Biography
Kamen was born August 27, 1913, in Toronto, the son of Russian immigrants. He grew up in Chicago. He received a bachelor's degree in chemistry from the University of Chicago in 1933 and obtained a PhD in physical chemistry from the same university in 1936. Thereafter he sought a research position in chemistry and nuclear physics under Ernest Lawrence at the radiation laboratory in Berkeley, where he worked without pay for six months until being hired to oversee the preparation and distribution of the cyclotron's products. The discovery of carbon-14 occurred at Berkeley when Kamen and Ruben bombarded graphite in the cyclotron in hopes of producing a radioactive isotope of carbon that could be used as a tracer in investigating chemical reactions in photosynthesis. Their experiment resulted in production of carbon-14.

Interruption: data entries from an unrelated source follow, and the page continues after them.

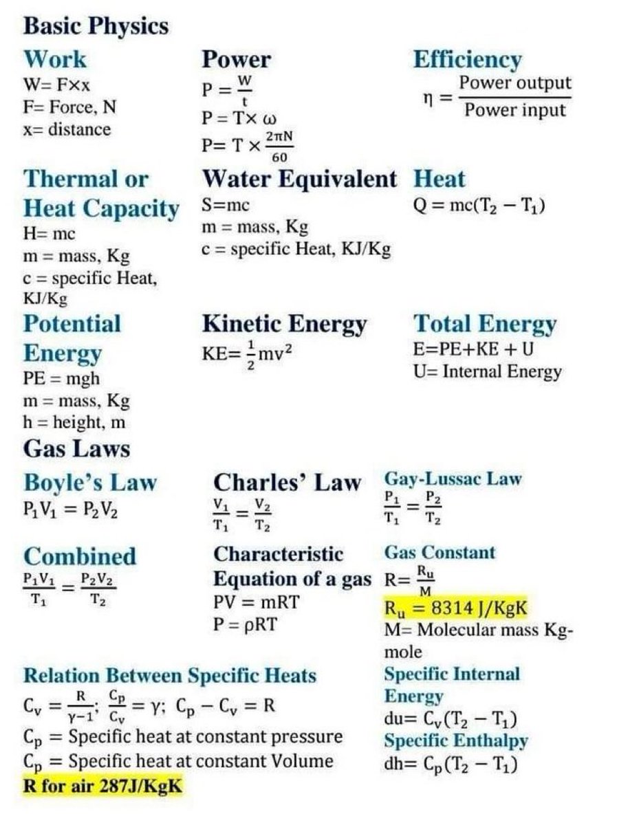 - 描述气体性质的重要常数,\( R_u = 8314 J/KgK \)。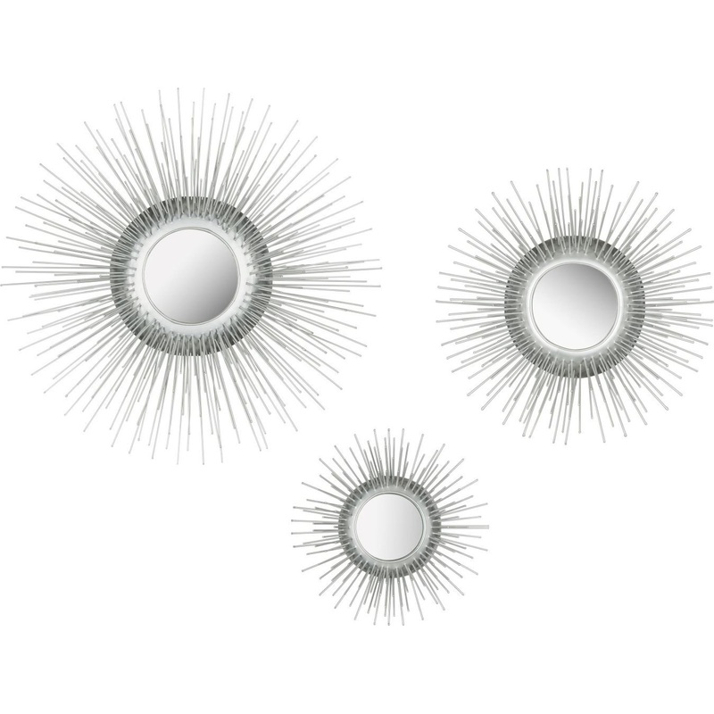 Wispy rays of gold-finished iron evoking porcupine needles are artfully arranged to create the dramatic effect of the Sunburst triptych mirror set. Made for display as a set of three, these transitional sunbursts make a graphic wall art statement. Product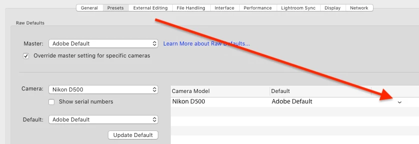 Opened Bridge, grabbed an image from the camera I want (Nikon D500), set the profile to Camera Standard (my standard profile), then clicked “Presets” and opened the New Profile popup by doing Alt/click on the icon next to the trashcan at the bottom.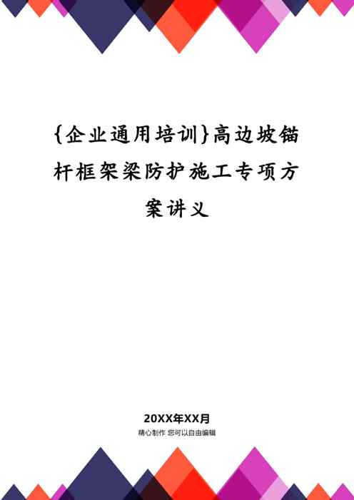 本站正式发布了《{企业通用培训}高边坡锚杆框架梁防护施工专项方案讲义》文档,文档详细内容可下载阅读。 声明:本站所有文章,如无特殊说明或标注,均为本站原创发布。任何个人或组织,在未征得本站同意时,禁止复制、盗用、采集、发布本站内容到任何网站、书籍等各类媒体平台。如若本站内容侵犯了原著者的合法权益,可联系我们进行处理。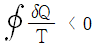계가 비가역 사이클을 이룰 때 클라우지우스(Clausius)의 적분을 옳게 나타낸 것은? (단, T는 온도, Q는 열량이다.)
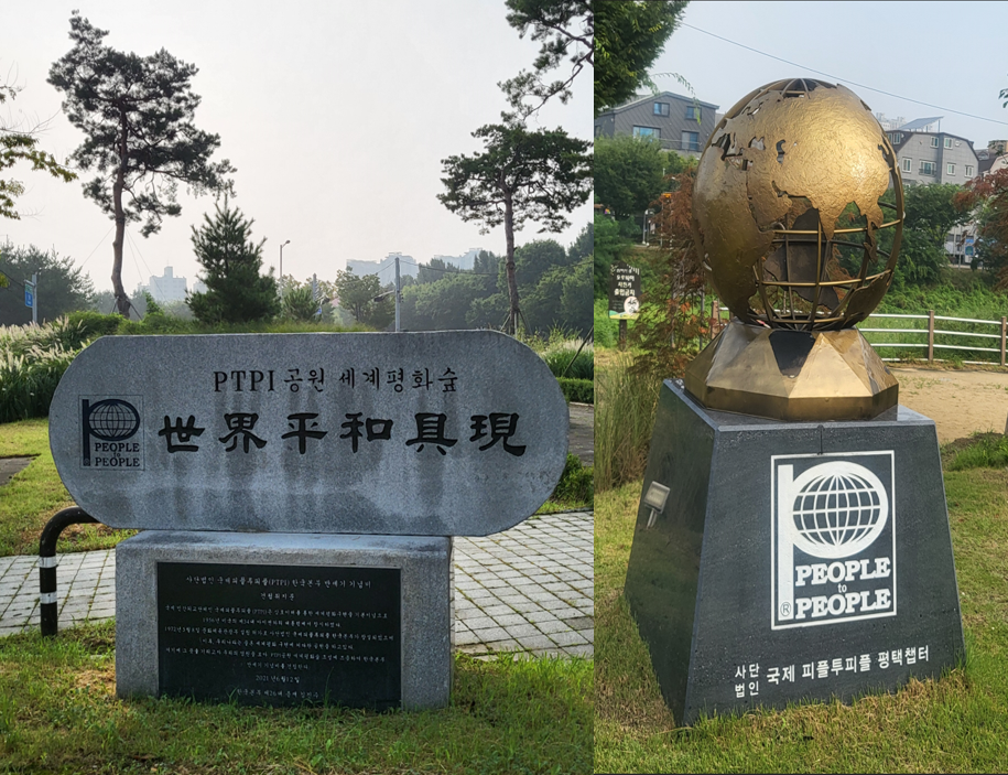 사단법인 국제피플투피플(PTPI) 한국본부 기념비를 만난다. "국제 민간외교단체인 PTPI는 상호이해를 통한 세계평화구현을 기본이념으로, 1956년 미국의 제34대 아이젠하워 대통령이 창시하였다. 1972년 5월 8일 문체부의 설립허가로 사단법인 PTPI 한국본부가 창설되었으며, 이후 우리나라는 물론 세계평화 구현에 커다란 공헌을 하고있다. 여기에 그 뜻을 기리고자 우리의 염원을 모아 PTPI 공원 세계평화숲 조성에 즈음하여 한국본부 반세기 기념비를 건립한다. 2012년 6월 12일 한국본부 제26대 총재 김진수."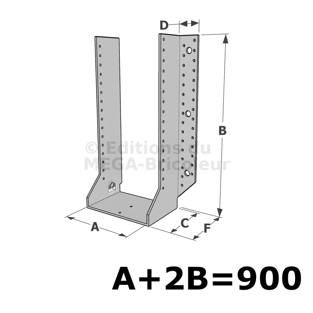 Grands sabots à ailes extérieures, gamme GSE CLASSIQUE (épaisseur 4mm, profondeur 110mm) - Réf. GSE900/4X-AL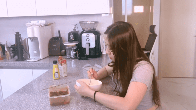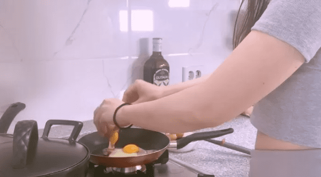 그는 운동 브이로거라서 그런지 몸에 달라붙는 운동복을 입고 주방에 나타나 요리했다.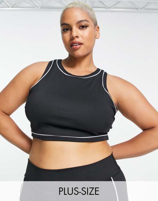 South Beach Plus - Sort croptop med racerfront og kontrastkanter i polyester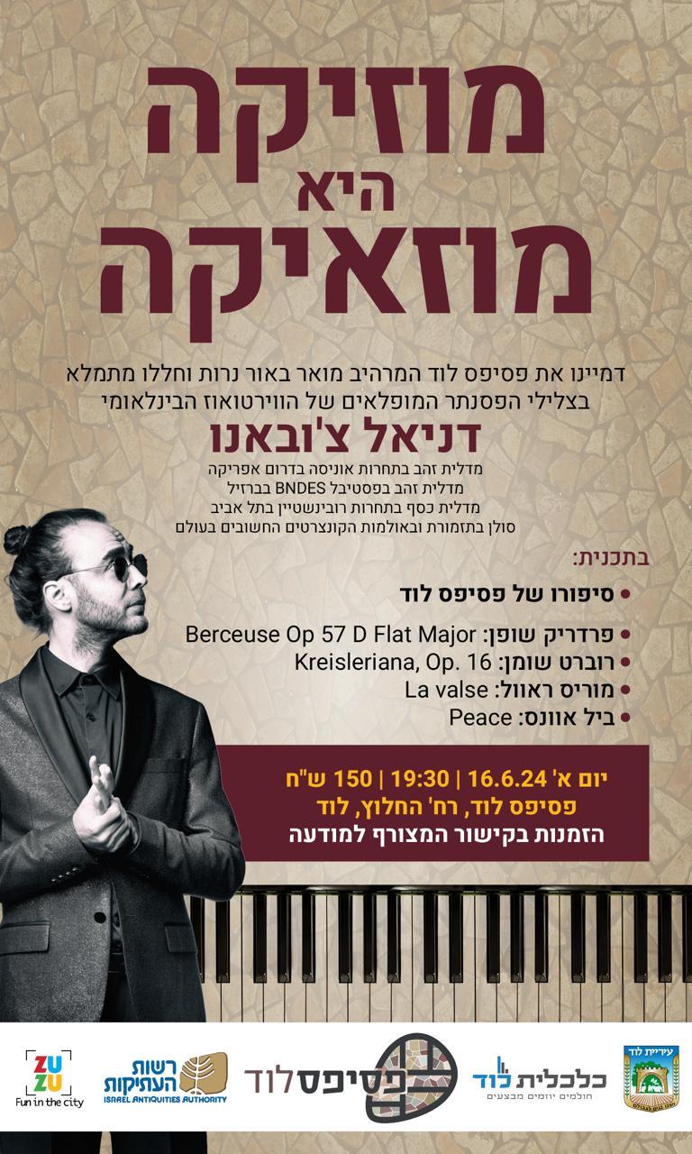 דמיינו את פסיפס לוד המרהיב מואר באור נרות וחללו מתמלא בצלילי הפסנתר המופלאים של הווירטואוז הבינלאומי דניאל צ'ובאנו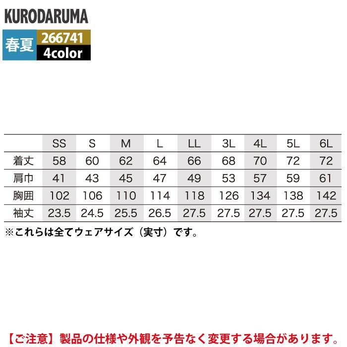 作業服 作業着 クロダルマ 作業服 春夏用 266741 半袖ジャンパー 6L

In 1943, Kamen was assigned to Manhattan Project work at Oak Ridge, Tennessee, where he worked briefly before returning to Berkeley. He was fired from Berkeley in 1945 after being accused of leaking nuclear weapons secrets to Russia, and for a time was unable to obtain an academic position, until being hired by Arthur Holly Compton to run the cyclotron program in the medical school of Washington University at St. Louis. Kamen taught the faculty how to use radioactive tracer materials in research, and his own interests gradually shifted into biochemistry.
In 1957, he moved to Brandeis University in Massachusetts, and in 1961 he joined the University of California, San Diego, where he remained until his retirement in 1978.
Martin Kamen died August 31, 2002, at the age of 89 in Montecito (Santa Barbara), California. He was a longtime resident of Casa Dorinda retirement home. He was very well liked and admired for helping others.